Re: They toooock ewre joohbs!!!
Except it has everything to do with wages! In 1990 a friend purchased a house worth a little over $50,000 NZ. On even a 10 year mortgage he barely noticed the payments. Same house is nearly $500,000 now, but the wages have not risen to match.
Wages in general track inflation. From OECD data, average wages have increased from NZD 31K in 1990 to NZD 68K in 2019 in NZ (2.2x), and £14K to £36K (2.6x) in the UK. Over that period UK consumer prices increased by around 2.4x.
Over that same period average house prices (in USD for convenient comparison) have increased from $25K to $126K (NZ) and $21K to $115K (UK), in both cases a factor of approx 5x. The problem with housing affordability is not related to wages, it is related to house prices increasing well beyond inflation.
You didn't do much reading before posting did you? Try pretty much any newspaper, food bank, economist (yes even they sometimes get some minor stuff right), budget advisor, shop owner, supermarket owner, butcher/greengrocer, ice-cream seller... There's a lot of cheap stuff that does hide the full impact , but the information is so readily available it'd be hard not to see it.
I did plenty of reading, which is why I posted facts from the OECD, not hand-waving arguments like "ask an ice-cream seller".
[citation needed]
All the data you need is at https://data.oecd.org/
Here's one that (on a brief skim read) shows otherwise.
So, you went to a web site for an organization that relies on showing high poverty levels, and found a statement that claims increasing poverty. Hardly surprising.
The information is NOT hard to find.
Indeed, or at least the facts aren't. If you look for them.
Perhaps you can provide a citation for this "OECD data" that you claim shows otherwise?
Try the OECD, it's the obvious place to get OECD data! For example this chart has many variants which show that poverty levels in the UK are stable, or even decreasing.
Look at the schemes to provide food to kids in schools because the parents can't always afford to provide them with lunch. This was almost entirely unheard of in 1990
Hardly. When I went to school in the 60s and 70s we took our lunch money in each week to get canteen tickets, and we all knew which kids qualified for free meals.
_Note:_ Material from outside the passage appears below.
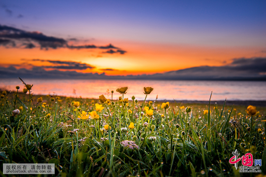 春季时湖边芳草依依,点缀着圣洁的高山大湖。 祁军 摄
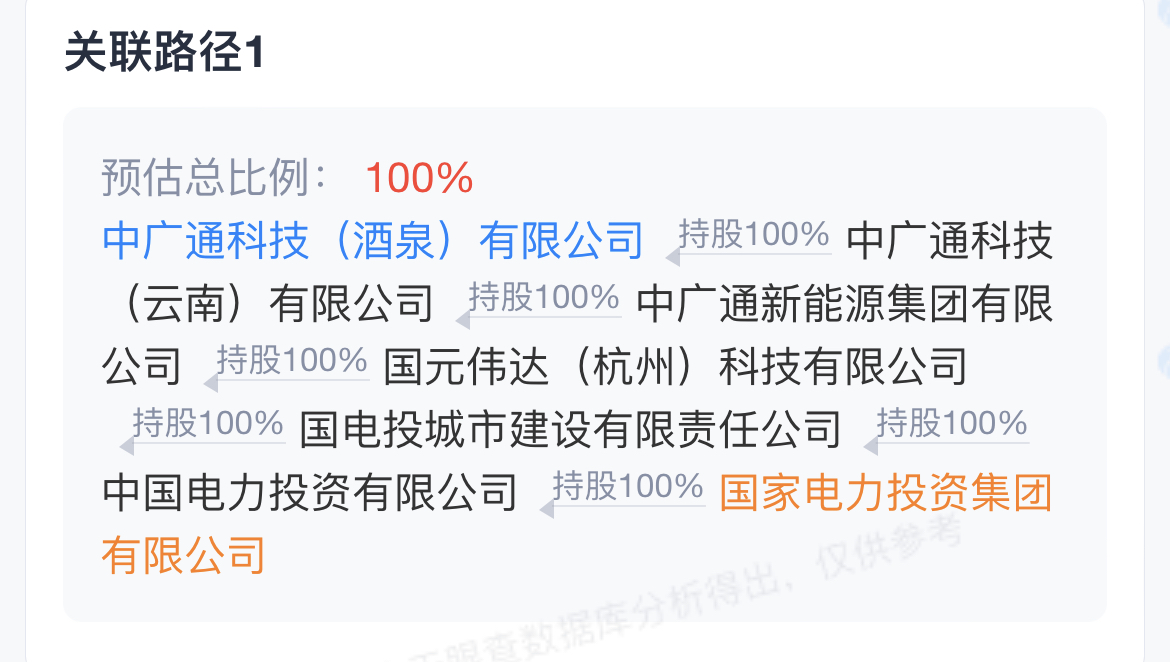 據天眼查,追溯其股權結構,中廣通科技酒泉公司為國家電力投資集團有限公司全資控股的七級子公司。國家電投集團是全球最大的清潔能源發電企業、國內五大發電央企之一。

Take a look around at the % of the population who do go out for a movie/show each week (if you can find any theatres left) or even each month - the numbers have dropped considerably
Hmm, so when it's hard to find a theatre, fewer people visit them. No shit, Sherlock!
How many of those 'poor' people don't go because they prefer to use their Netflix subscriptions to watch on their 60" flat-screen TVs at home instead?
I'm not in my 50s, and I had a much better standard of living back in the 90s, and the same can be said for most people I know
That's unfortunate for you, but it isn't the case for most people I know in that age group, who have better cars, better holidays & more meals out than they did in the 1990s.
in the 90s I could get a mortgage with a 0% or at most 5% deposit, while also much lower prices. So a $60,000 3brm house + decent yard, 5% deposit is $3,000.
Yes, I bought my first house for £30K in 1985, with a mortgage that was around 2.5x my salary. Today it would be much more difficult, but that's because house prices have far outstripped inflation so even my good salary today would make it less comfortable. That is a housing problem, not a wages problem.
Given the level of your research, and your "I'm one of the lucky ones so no one else matters" last paragraph, I'm not surprised you posted AC!
Would it really have made a difference if I'd posted as "Ben Jones", or as "Alphonse Colquhoun-Smythe"? If so you should perhaps rethink your own preconceptions.
As for research, I've done plenty, over many years. I always prefer to post from facts, not from tabloid hearsay.